The impact of financial leverage on a firm’s valuation or stock price is, in fact, unclear.

On the one hand, if leverage increases, a firm’s default risk may also increase (but then again maybe not!). This increased risk would make the company’s equity riskier as well because the shareholders get paid only after the creditors do. There can be no dividends if interest on bonds is not paid; there can be no internal growth in investment and thus no capital gains if interest is not paid.

In turn, the firm’s required return, i.e., the dependent “R” variable in the CAPM, would also rise since the CAPM formula embodies equity risk (β). (The firm’s slope, as represented in the CAPM diagram, would steepen.) Finally, with a higher “R,” which is also the discount rate in the DDM, the stock price would go down.

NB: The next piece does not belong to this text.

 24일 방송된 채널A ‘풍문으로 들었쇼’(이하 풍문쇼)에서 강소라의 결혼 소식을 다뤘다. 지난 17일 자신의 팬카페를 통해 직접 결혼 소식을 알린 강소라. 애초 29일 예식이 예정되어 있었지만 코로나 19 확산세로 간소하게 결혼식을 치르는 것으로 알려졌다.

The table below summarizes the steps emanating from increased leverage, according to this argument. The relationships isolate the effect of debt on share price only, ceteris paribus.

Alternatively, increased leverage may provide greater EPS – when new debt-sourced funds are employed profitably, when the company institutes good capital budgeting decisions, or when EBIT is to the right of the crossover point. That is in fact, the reason for employing leverage – to increase EPS and ROE! Assuming a constant payout ratio, a ceteris paribus condition, the dividend would also increase and, via the DDM, the price will rise. In fact, both scenarios occur simultaneously and in varying degrees; the results depend on how well the firm employs its invested capital.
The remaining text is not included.